Sort of surprised there isn’t an implementation already and especially not an official PyTorch one, given how important CI is supposed to be…perhaps a deep learning bad habit? Rarely seen it in papers, unfortunately.



Confidence intervals (ci) compute:

  • the probability that the true mean is in the given interval (usually written mu_n +- ci


  • traditional confidence intervals statements only hold for statements about the value (parameter, random quantitiy, etc) we want to estimate being the mean
  • you have enough samples so that the analysis holds (e.g. the mean $mu_n = 1/n sum_i x_i$, where n>=30 is recommended)

If those assumptions hold (**i.e. your esitmating the true mean via the sample mean with a ± value **) then use the code bellow that I provided called torch_compute_confidence_interval for regression, classification, anything you want.

First, asfaik confidence intervals (ci) is an open research problem in deep learning (DL) - so more sophisticated answers probably exist. But I will provide a practical answer that I plan to use (and see others using when reporting results in DL).

To compute confidence intervals we have to understand a little bit of ci first. What they are is a probabilistic statement over the random surveys/samples of data sets that the mean you are trying to report is withing the reported interval. So when people say:

mean_error +- CI for p=95%

it means if you sampled 95 data sets you’d expect the true mean to lie in that interval 95 of the time (but you wouldn’t know which ones, so you can’t say for any specific interval you compute that the mean will be there).

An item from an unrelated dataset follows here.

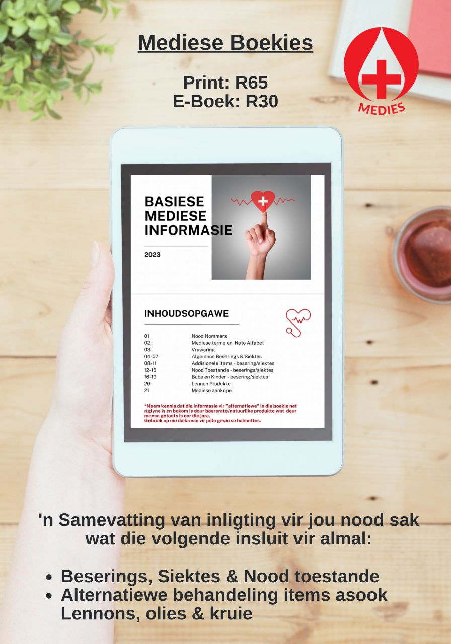 Mediese boekies en dit kan bestel word in PRINT of E-BOEK.

This means you can only use it for reporting means. This is because the maths that goes behind it (which isn’t very hard) approximates the computation of the probability that the bound holds (or the confidence interval holds) by taking advantage that we can compute probabilities analytically for sample means because the approximate a normal according to the central limit theorem CLT. So the specific CI that is computed assumes the quanity you want to compute is a sample mean and computes your ± numbers using this normal approximation. Thus, usually it’s recomended to have n>=30 data points for the specific data set you are using but things can still work out nicely since ci can be computed with a t distribution instead of a normal (denoted z in stats software).

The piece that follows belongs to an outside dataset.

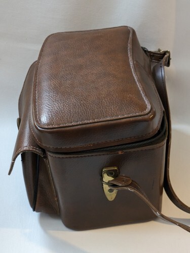 Vintage IN Pelle Fotocamera BAG Custodia Marrone Ottone Cinturino Tasca USA 703

Given those assumptions you can simply do the following:

def torch_compute_confidence_interval(data: Tensor,
                                           confidence: float = 0.95
                                           ) -> Tensor:
    Computes the confidence interval for a given survey of a data set.
    n = len(data)
    mean: Tensor = data.mean()
    # se: Tensor = scipy.stats.sem(data)  # compute standard error
    # se, mean: Tensor = torch.std_mean(data, unbiased=True)  # compute standard error
    se: Tensor = data.std(unbiased=True) / (n**0.5)
    t_p: float = float(scipy.stats.t.ppf((1 + confidence) / 2., n - 1))
    ci = t_p * se
    return mean, ci

I’ve tested it and compared it to things specialized for classification and they agree in values up to 1e-2 so the code works. Output:

Connected to pydev debugger (build 213.5744.248)
x_bernoulli.std()=tensor(0.5085, grad_fn=<StdBackward>)
ci_95_torch=tensor(0.1867, grad_fn=<MulBackward0>)
x.std()=tensor(1.0181, grad_fn=<StdBackward>)
ci_95_torch=tensor(0.3802, grad_fn=<MulBackward0>)

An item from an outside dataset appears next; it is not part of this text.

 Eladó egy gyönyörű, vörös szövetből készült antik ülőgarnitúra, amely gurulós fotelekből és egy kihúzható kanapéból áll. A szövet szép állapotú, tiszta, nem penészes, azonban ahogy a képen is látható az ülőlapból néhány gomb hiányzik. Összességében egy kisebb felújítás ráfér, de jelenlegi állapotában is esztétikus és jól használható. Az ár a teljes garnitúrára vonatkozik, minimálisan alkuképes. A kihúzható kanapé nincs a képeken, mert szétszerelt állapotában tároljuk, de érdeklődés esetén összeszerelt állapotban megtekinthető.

For more details see my ultimate-utils library where I comment on the maths in the docs: ultimate-utils/confidence_intervals.py at e81a8c3c4425b33e00b3ade172705f20b626b2b1 · brando90/ultimate-utils · GitHub

Comments on DL

If you are reporting the error of a specific model e.g. neural net, like this you are more or less reporting that the true mean error for that very specific neural net and weights lies in those bounds. But as I said this is an open research area so fancier things must be available e.g. consider some layers are actually random, etc.